Input for this task Start Marker
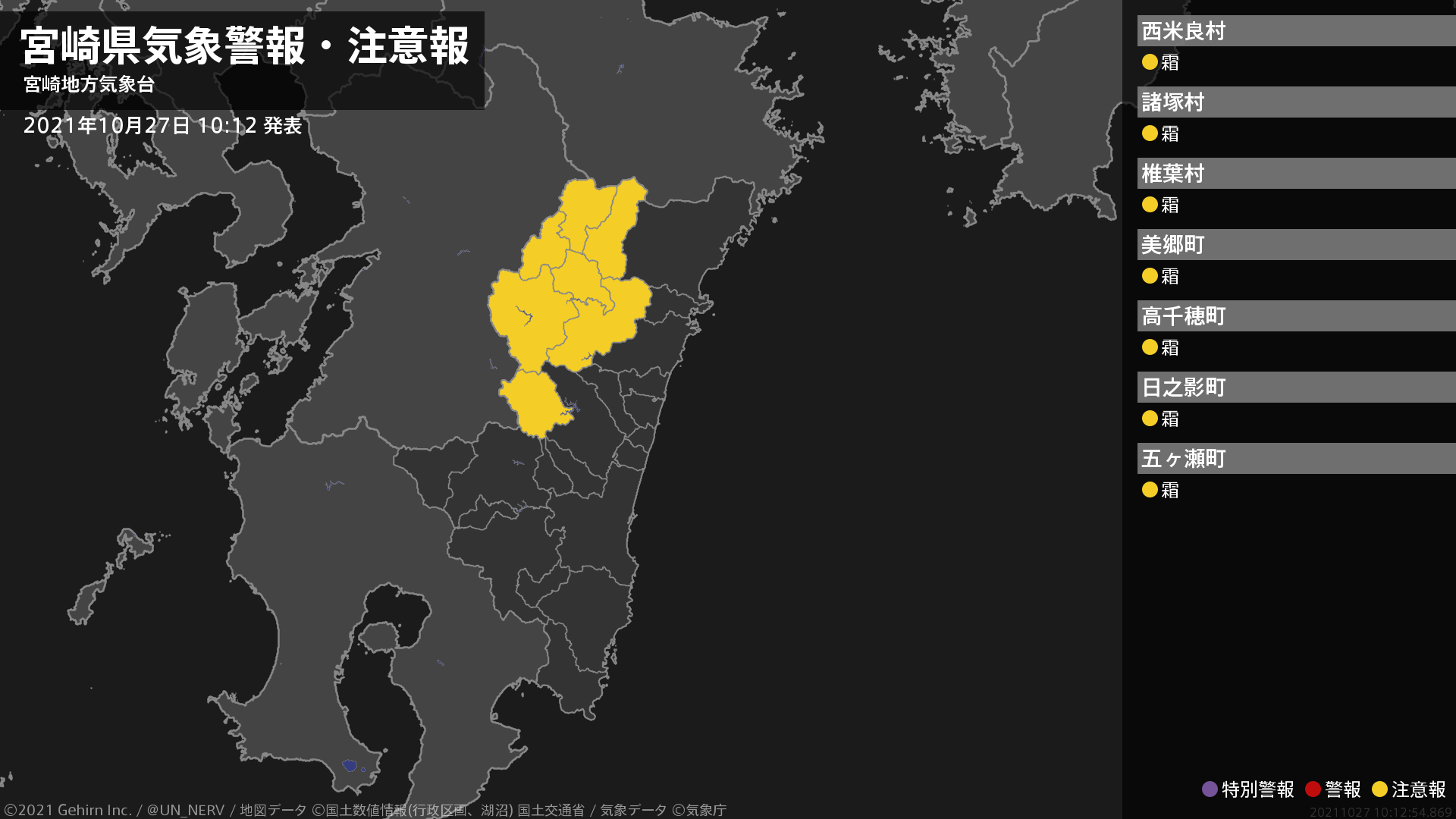 【宮崎県 気象警報・注意報 2021年10月27日 10:12】北部山沿いでは、28日朝は霜に対する農作物の管理に注意してください。#気象警報注意報 #宮崎県
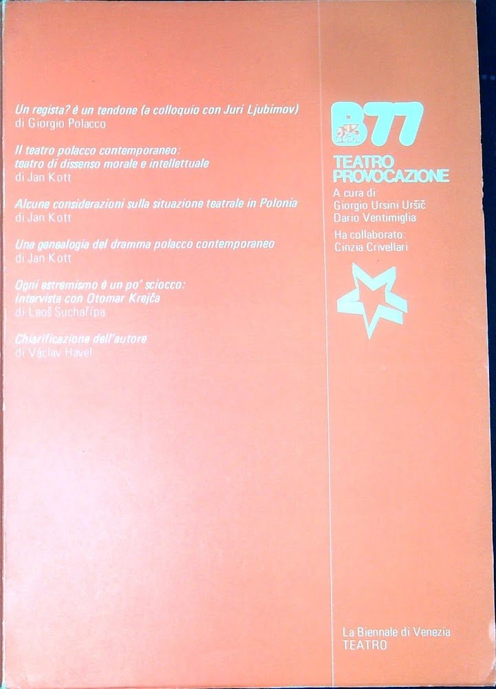 Ventimiglia, Dario; Ursini Ursic, Giorgio Teatro provocazione. Venezia, La Biennale 1977, 77 carte ; 29 cm. (64269)
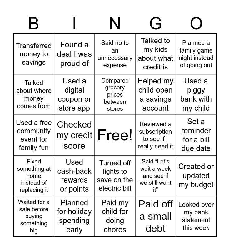 This bingo card has a free space and 39 words: Cooked dinner at home instead of ordering out, Used leftovers for lunch, Shopped at a thrift or resale store, Used a digital coupon or store app, Waited for a sale before buying something big, Turned off lights to save on the electric bill, Compared grocery prices between stores, Reused or repurposed something instead of buying new, Planned a family game night instead of going out, Fixed something at home instead of replacing it, Checked my credit score, Talked to my kids about what credit is, Looked over my bank statement this week, Set a reminder for a bill due date, Reviewed a subscription to see if I really need it, Used cash-back rewards or points, Put money in an emergency fund, Transferred money to savings, Created a wish list before shopping online, Said “Let’s wait a week and see if we still want it”, Talked about where money comes from, Paid my child for doing chores, Helped my child open a savings account, Used a piggy bank with my child, Talked about giving or donating to others, Let my child help with grocery shopping or budgeting Encouraged my child to save for something special, Talked about how to use a debit card safely, Played a money-related game with my family, Shared a money lesson from my own experience, Found a deal I was proud of, Stuck to my grocery list, Had a “no spend” day or weekend, Said no to an unnecessary expense, Planned for holiday spending early, Paid off a small debt, Saved a few dollars without even trying, Created or updated my budget, Used a free community event for family fun and Talked to my partner about financial goals.
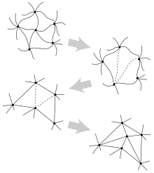 Por la fórmula de Euler para grafos planos, G tiene 3n − 6 aristas. De manera equivalente, si se define la deficiencia de un vértice v en G como 6 − grado(v), la suma de las deficiencias es 12. Dado que G tiene al menos cuatro vértices y todas las caras de G son triángulos, se deduce que cada vértice en G tiene un grado de al menos tres. Por lo tanto, cada vértice en G tiene deficiencia como máximo tres, por lo que hay al menos cuatro vértices con deficiencia positiva. En particular se puede elegir un vértice v con cinco vecinos como máximo que sea diferente de a, b y c. Sea ahora G', que se obtiene quitando v de G y retriangulando la cara f formada quitando v. Por inducción, G' tiene una reintegración mediante segmentos rectos combinatoriamente isomórfica en la que abc es la cara exterior. Debido a que la reincrustación de G' era combinatoriamente isomorfa a G', al quitarle las aristas que se agregaron para crear G', queda la cara f, que ahora es un polígono P con cinco lados como máximo. Para completar el dibujo de un nueva incrustación isomórfica combinatoria mediante segmentos rectos de G, v debe colocarse en el polígono y unirse mediante líneas rectas a los vértices del polígono. Por teorema de la galería de arte, existe un punto interior a P en el que se puede colocar v de manera que las aristas desde v hasta los vértices de P no crucen ninguna otra arista, completando la prueba.
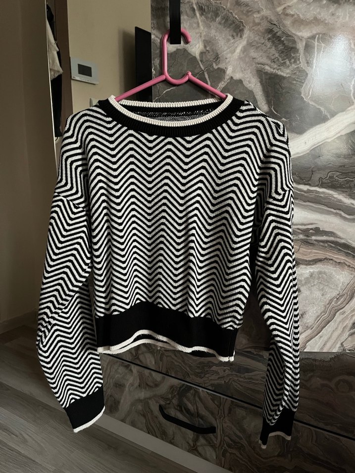Uzun kollu, crew yaka, siyah beyaz zebra desenli kadın triko sweatshirt. Rahat kesimi ve yumuşak örgü kumaşıyla günlük sokak stiline uygun, konforlu bir parça.
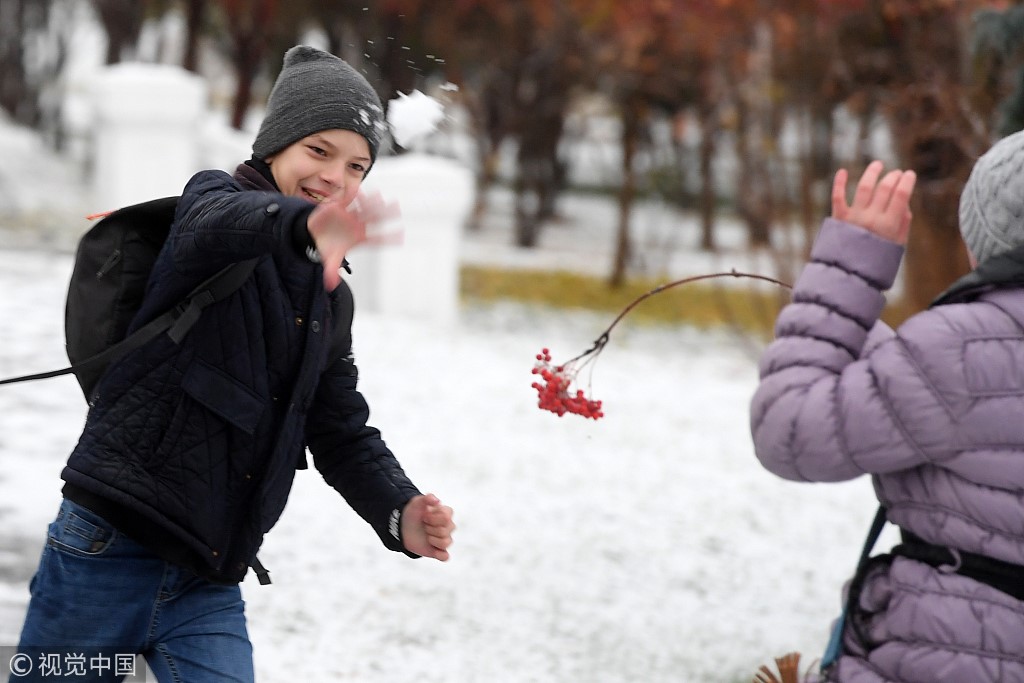 俄罗斯喀山迎来初雪 雪景伴秋色美哭了
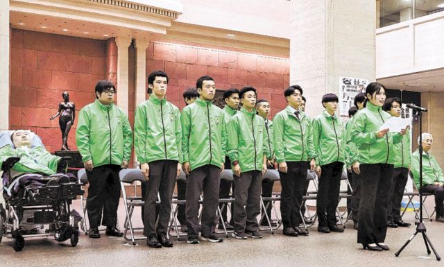 愛知県で17日から開催される「技能五輪全国大会」と「全国障害者技能競技大会(アビリンピック)」の結団式が6日、県庁1階ロビーであった。 技能五輪には電工や建…
Input for this task End Marker
Problem to solve: Could you write out exactly the lines running from the one with "俄罗斯喀山迎来初雪 雪景伴秋色美哭了" through the last line of the data above, both ends kept, and omit any picture?

Exercise solution:
 俄罗斯喀山迎来初雪 雪景伴秋色美哭了
 愛知県で17日から開催される「技能五輪全国大会」と「全国障害者技能競技大会(アビリンピック)」の結団式が6日、県庁1階ロビーであった。 技能五輪には電工や建…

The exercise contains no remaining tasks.